Wir wollen zukünftig noch stärker partnerschaftlich mit Banken, Direktbanken und Online-Brokern zusammenarbeiten, um Anlegern einen besseren und auch günstigeren Zugang zu unseren SPDR ETFs zu schaffen. Unsere hochwertigen und kostengünstigen ETFs sollen noch mehr Privatanlegern helfen ihre finanziellen Ziele zu erreichen. Wir legen großen Wert auf unsere Transparenz und Verlässlichkeit als ETF-Anbieter.

Beispielsweise haben wir keine synthetischen ETFs im Angebot, das heißt, Anleger können sich darauf verlassen, dass das, was als Anlageklasse auf unserm Produkt steht, auch drin ist. Außerdem verzichten wir auf das Verleihen der Wertpapierleihe in unseren Renten- und breiten Aktien-ETFs. In einem immer schneller wachsenden ETF-Markt, bei dem es für Privatanleger immer mehr ungeeignete ETF-Produkte gibt, wollen wir der vertrauensvolle und verlässliche Partner unserer Anleger sein.

Welche Trends sehen Sie am Aktienmarkt und am Anleihenmarkt für 2023?

Trends gibt es immer eine ganze Menge aber die Frage ist, ob Anleger davon wirklich profitieren. In den letzten Jahren haben wir viele Mittelzuflüsse in Richtung thematischer ETFs gesehen. Wir glauben, dass Anleger dabei aber sehr genau hinschauen und überlegen sollten, ob es sich wirklich um ein langfristiges Investment-Thema handelt. Es gibt zahlreiche Studien, die belegen, dass Themen und Trends häufig in Fonds und ETFs aufgegriffen werden, nachdem diese schon eine sehr starke Wertentwicklung hinter sich hatten.
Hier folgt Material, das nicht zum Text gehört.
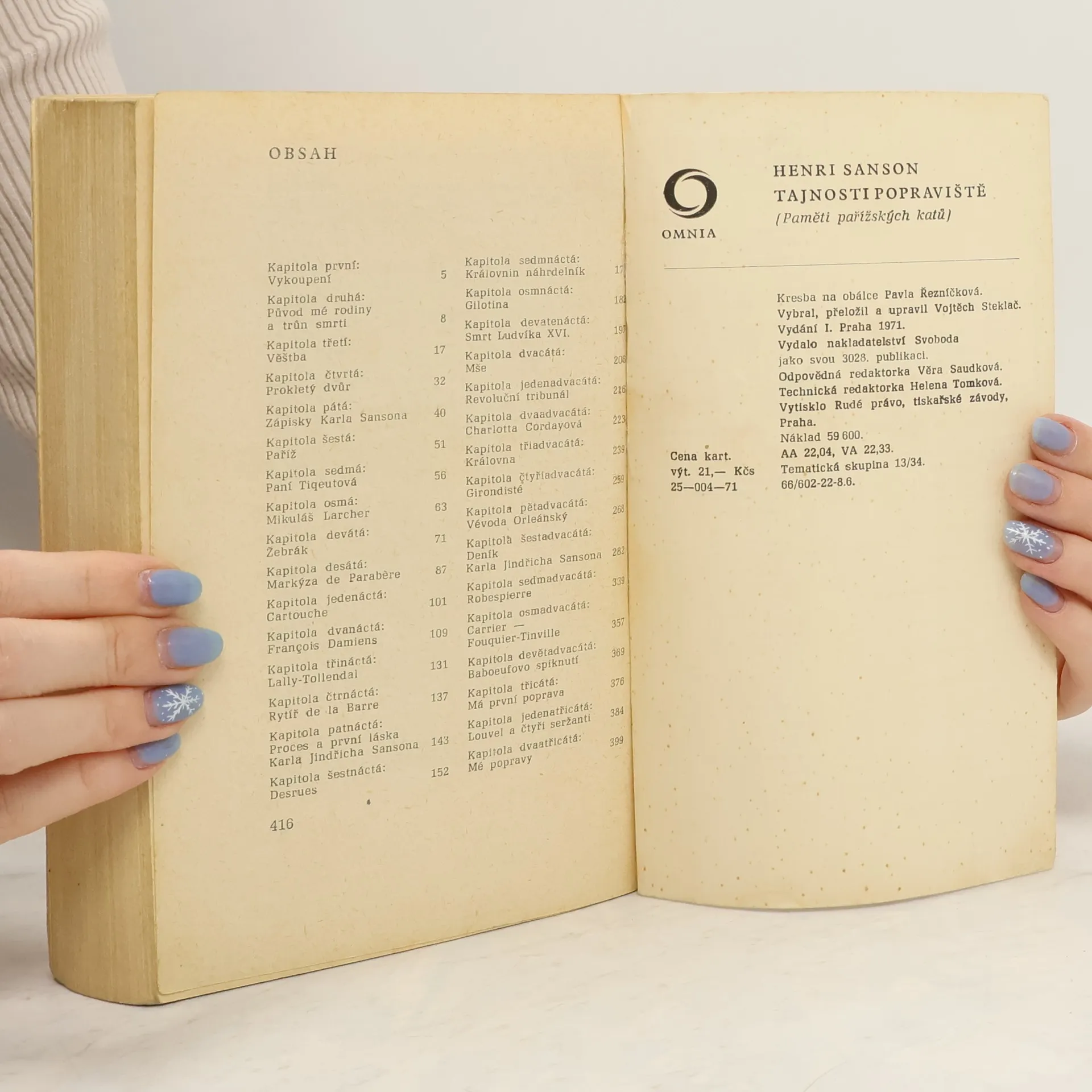 Historie rodu francouzských katů Sansonů, rodu, jehož příslušníci tento úřad vykonávali od konce 17. do poloviny 19. století. Kniha, v níž poslední potomek rodu v tomto úřadu, popravčí mistr soudního dvora v Paříži, po složení úřadu líčí podle rodových zápisů na pozadí historických událostí soukromý život i drastické zážitky jednotlivých členů rodu a uzavírá je pamětmi vlastními 25-004-71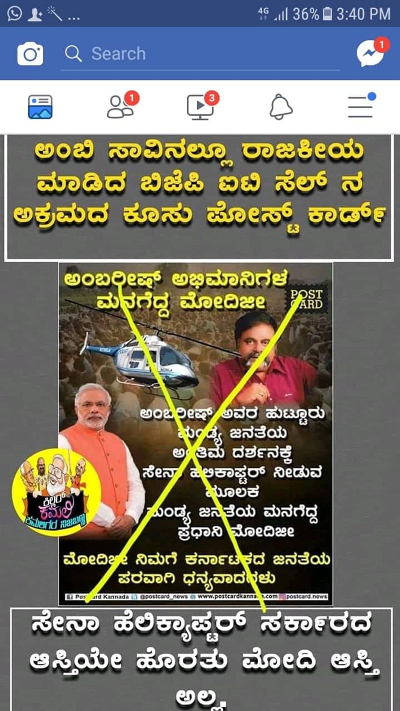 ವಿಶ್ವೇಶ್ವರಯ್ಯ ಕ್ರೀಡಾಂಗಣದಲ್ಲಿ ಮಂಡ್ಯಕ್ಕೆ ಪಾರ್ಥಿವ ಶರೀರ ತಂದ ಕೀರ್ತಿ ಸಿಎಂಗೆ ಹೋಗಬೇಕೆಂದು ಪದೇ ಪದೇ ಜೆಡಿಎಸ್ ನಾಯಕರು ಹೇಳುತ್ತಲೇ ಬಂದಿದ್ದಾರೆ. ಆದರೆ ಅಂಬಿ ಪಾರ್ಥಿವ ಶರೀರ ಮಂಡ್ಯಕ್ಕೆ ತರಲು ಮೋದಿ ಕಾರಣ ಎಂದು ಬಿಜೆಪಿ ಮುಖಂಡರ ವಾದ. ಮಂಡ್ಯಕ್ಕೆ ರಕ್ಷಣಾ ಇಲಾಖೆ ಹೆಲಿಕಾಪ್ಟರ್ ಕಳುಹಿಸಿಕೊಟ್ಟಿದ್ದು ಮೋದಿ ಎಂಬ ವಿಚಾರವನ್ನು ಬಿಜೆಪಿ ನಾಯಕರು ಸೋಶಿಯಲ್ ಮೀಡಿಯಾದಲ್ಲಿ ಹಂಚಿಕೊಂಡಿದ್ದಾರೆ.

Wenn man dann die zukünftige Wertentwicklung über einen längeren Zeitraum betrachtet, zum Beispiel über fünf oder zehn Jahre, bleiben diese Themen-Investments häufig hinter der Wertentwicklung des Gesamtmarktes zurück.

Wir von SPDR sind überzeugt, dass eine ausgewogene Anlage aus breit gestreuten globalen Aktien- und Renten-ETFs dem Anleger langfristig die besten Ertragsaussichten beschert. So können Anleger zum Beispiel mit dem MSCI ACWI IMI Index den gesamten weltweiten Aktienmarkt von über 9000 einzelnen Unternehmen mit nur einem ETF abdecken und so von der Wertentwicklung der gesamten Weltwirtschaft profitieren.